(RECORD SET)
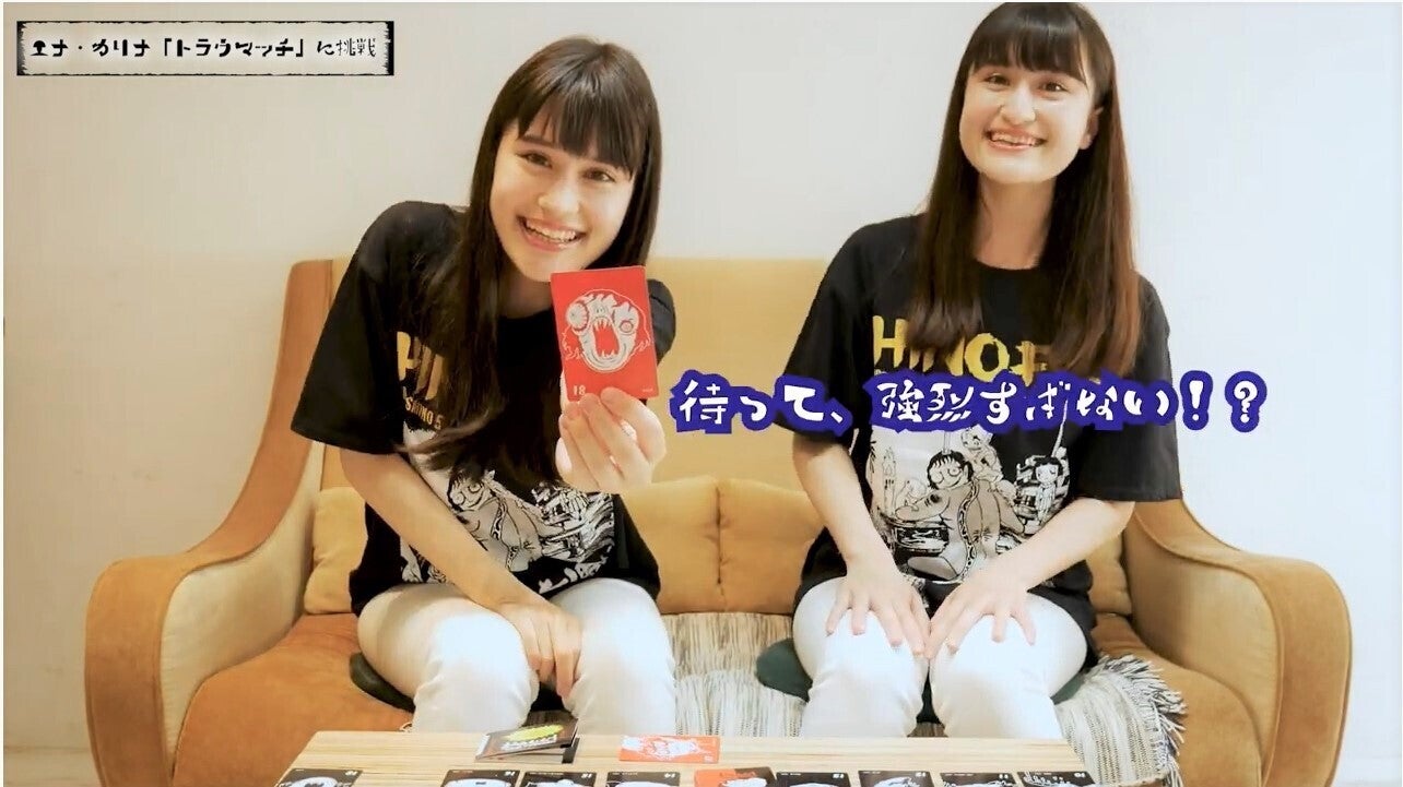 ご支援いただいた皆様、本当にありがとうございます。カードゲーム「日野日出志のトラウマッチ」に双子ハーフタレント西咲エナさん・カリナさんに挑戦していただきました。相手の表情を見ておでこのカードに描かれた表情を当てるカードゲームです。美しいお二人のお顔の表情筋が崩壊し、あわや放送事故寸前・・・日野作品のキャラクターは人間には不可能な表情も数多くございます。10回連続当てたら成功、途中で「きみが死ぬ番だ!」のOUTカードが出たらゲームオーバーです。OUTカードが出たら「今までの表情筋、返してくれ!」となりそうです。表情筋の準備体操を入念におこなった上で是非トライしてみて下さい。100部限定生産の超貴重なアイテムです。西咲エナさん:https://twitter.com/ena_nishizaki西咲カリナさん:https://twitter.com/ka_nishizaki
(End RECORD SET)
(RECORD SET)
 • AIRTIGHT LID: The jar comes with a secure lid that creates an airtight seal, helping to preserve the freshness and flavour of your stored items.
(End RECORD SET)
(RECORD SET)
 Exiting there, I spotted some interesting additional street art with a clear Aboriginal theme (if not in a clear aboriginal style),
(End RECORD SET)
■ GOAL OF THE EXERCISE
The total, and nothing more: how many lines in the entries contain "with"?

■ RESPONSE BELOW
2